One of my must see destinations before I leave this earth just got crossed out. I have seen so many pictures and heard so many stories from people – But I finally got a chance to see it myself. Supposedly, there are three main Plain of Jars sites and the most accessible is site one shown below. The other two sites aren’t as accessible because of road conditions and long hilly trails of hiking to the site itself. So, I’ll pass on those two sites :-).
This site was heavily bombed during the Vietnam War – I am amazed that a lot of those jars survived the war. The bomb craters are scatter throughout this site. After 30+ years, the sizes and depth of those craters remained unbelievable large.
I went there in December of 2009, early in the morning when the fog still lingered… it was breathtakingly beautiful and eerie at the same time. I had chills down my spine from standing at such a historical site of myth (how the jars came about) and of human experience (from the bombing). The long drive there was worth it if you can withstand the sharp turns – the green scenery of valleys and mountains was just heavenly, and the legends associated with certain areas were just funny and educational. Seems like you had a good time!

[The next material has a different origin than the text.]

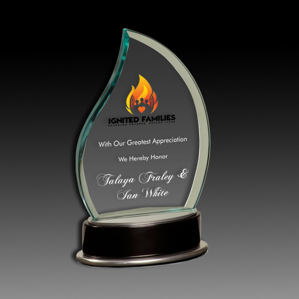 This metro glass, flame shaped award sits on a black base edged with silver highlights. This award has a classic and modern appearance that accommodates in any setting. The flame shape flows smoothly making it more appealing. Purchasing this award today showS your appreciation.

I love the foggy morning there…Things are so peaceful there compare to other big cities in Laos. Although, the town is expanding and construction sites all over. The roads are much better now compared to back in 2009.
I had an awesome time in Xieng Khouang and I’m already looking forward to the next trip back.
You know how we leave a small part of ourselves every we travel to, hence the infamous t-shirts with “I left my heart in …”? Did you leave yours there? 😉
I love Luang Prabang the most in the northern region, though I don’t think I can live there because I still like to have access to big cities’ ammenities.
Yep! I sure did left my heart there :-). I’ve been trying to retrieve it. Laos will always have a special place in my heart.
I bet it would look awesome in photos with the misty morning fog hanging around.
You were indeed lucky to have made the trek to this place.
I wonder if photography makes people travel, from being a ranter to a photo-blogger. 😉
This is one place that I like to visit, on my last trip we had to choose between Xieng Khouang and Luang Prabang and I chose the latter, and well worth it. Next time it will be the Plain of Jars. Is there internet connection at the sight?
Hhhhmmmm… I wonder about that part of being a ranter to photo-blogger also.. I’ve always like traveling and wish I had captured even 10% of what I do now a day.
Let me know if you are heading to Xieng Khouang anytime soon. I might be able to set you up with a personal tour of Melburries Farm :-).
No WiFi or internet connection at the site… But, I think she just using the 3G band.
You need to get the local rate-
Local rate to???? Not sure if I follow here..
Sorry- the flight cost less if you have lao ID.
Not true anymore… They had stop that practice for awhile now. Locals or tourists all pays same price, I traveled with mostly locals and they do not get special treatment.
so mysterious and beautiful.. thanks for sharing!
You are welcome..So many people have studied the sites and yet no one can confirm where it came from.
Hi See. I have been to Xiengkhoung and I love the place. The Plains of Jars is truly mystic. Did you notice some of the hotels and houses used UXOs as fences? You should have visited also the MAD office in the town proper, they have a mini museum showing all sorts of UXO/bombs dropped in the place. many areas, esp near the border aren’t completely cleared yet.
Its also nice to go there during Mhong new year to get photos of women in their nice traditional flowing skirts. There are a lot of areas to go there for taking photos and relaxing but some areas are difficult to access.
Hi Chel, I didn’t get a chance to visit UXO office/museum. Although, few restaurants and coffee shops have all types of UXO metals. I just can’t imagine being there 40 years ago with all those bombs are coming down.
Such a bewildering place. Looking forward to seeing this place soon. Great post and photos seeharhed! 🙂
Sabaidee Padaek, Thanks for stop by and comments. This place hasn’t change since the Vietnam War, other than removing most of unexploded bombs from property. I think the best times to visit this place is early in the morning or late evening.